Following channel inactivation, Po remained very low at positive membrane potentials and did not increase with depolarization up to +80 mV (Figs 1D and 8A, n = 6) or increased [Ca2+]i up to 1 mM (n = 6; data not shown). This is in contrast to those patches that displayed sustained channel activity (10 %), which showed voltage (Fig. 1D) and Ca2+ dependence (see Fig. 6) typical of BK channels reported by others in both hippocampal neurones (Ikemoto et al. 1989; Yoshida et al. 1991; Wann & Richards, 1994) and other tissues (Barrett et al. 1982; Latorre et al. 1982).
Open duration histograms of sustained BK channel activity at +40 mV were best fitted by the sum of two exponentials (τ1, ∼0.34 ± 0.10 ms; τ2, ∼12.8 ± 2.2 ms; n = 6), with the longer time constant dominating the distribution (Fig. 1E).
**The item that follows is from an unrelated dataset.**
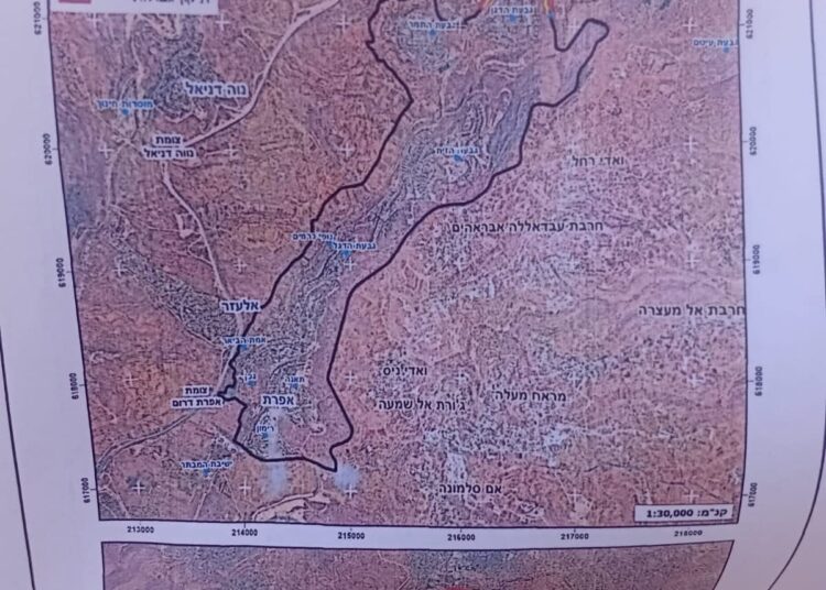وجاء الامر العسكري تحت ذريعة “الأغراض العسكرية”، لذات الهدف, وهو إقامة سياج أمني حول مستوطنة “إفراتا”. وبحسب التفاصيل الواردة في الأمر العسكري والخرائط المرفقة، فقد تم تخصيص نحو 57.8 دونمًا من الأراضي الفلسطينية لهذا الغرض. ويُعد هذا القرار العسكري خطوة تمهيدية ضمن مخطط توسّعي ممنهج يهدف إلى توسيع نفوذ مستوطنة افراتا الجغرافي على حساب القرى الفلسطينية المحيطة. كما يمثّل هذا الإجراء جزءًا من سياسة أوسع تتّبعها سلطات الاحتلال تقوم على فرض وقائع جديدة على الأرض الفلسطينية والتي من شأنها أن تقوض اية تنمية فلسطينية في المنطقة. .

Following development of low Po, short duration activity, channel open times were still best fitted by the sum of two exponentials (τ1, ∼0.140 ± 0.007 ms; τ2, ∼3.0 ± 0.4 ms; n = 12; see Methods), but with short duration events dominating the distribution (Fig. 1F). These observations indicate that BK channels can be regulated by factors other than voltage and Ca2+.
Membrane hyperpolarization recovers BK channel activity
Following the development of channel inactivation, BK channels could be reactivated by membrane hyperpolarization (Fig. 2A). Hyperpolarizing voltage steps (1 min duration) resulted in a return of normal bursting channel activity after a delay dependent upon the degree of hyperpolarization (see below). Upon returning to the depolarized holding potential, high Po activity indistinguishable from that prior to inactivation was observed. Subsequently, inactivation again developed as described above, and in the majority of patches it was possible to produce cycles of inactivation and reactivation (not shown). However, it was often observed in extended recordings of up to 1 h that the ability to reactivate channels was lost. Figure 2A shows an example of a patch that contained a single channel that had been inactivated by voltage clamping the patch at +40 mV in the presence of 10 μM Ca2+. When the patch was stepped to −40 mV, high Po channel activity returned after approximately 30 s (marked by the arrow in Fig. 2A and in expanded trace iii in Fig. 2B) and no superimposed short openings were apparent (Fig. 2A). After long duration bursts of activity had returned, short duration events were not observed between bursts, or superimposed upon them (expanded traces iv and v in Fig. 2B). This observation indicates that short duration openings arose from the same channel that subsequently started bursting, showing that the gating of this channel had changed. The relationship between short duration openings and the return of long duration high Po activity is well illustrated in a patch containing two BK channels (Fig. 3A). After both channels were inactivated by holding at +40 mV, only short duration openings arising from two inactivated channels were initially evident at -80 mV (both blocked). After approximately 10 s, the frequency of short duration events decreased and one BK channel opened in long duration bursts as it left the inactivated state. The second channel still exhibited short duration openings, sometimes superimposed on the long duration bursts (‘1 unblocked’ in Fig. 3A). Subsequently, the second channel left the inactivated state after a further 8 s at -80 mV, resulting in a loss of all short duration openings, and a return of high Po activity. Occasional multiple level openings showed that both channels had recovered from inactivation (‘2 unblocked’ in Fig. 3A).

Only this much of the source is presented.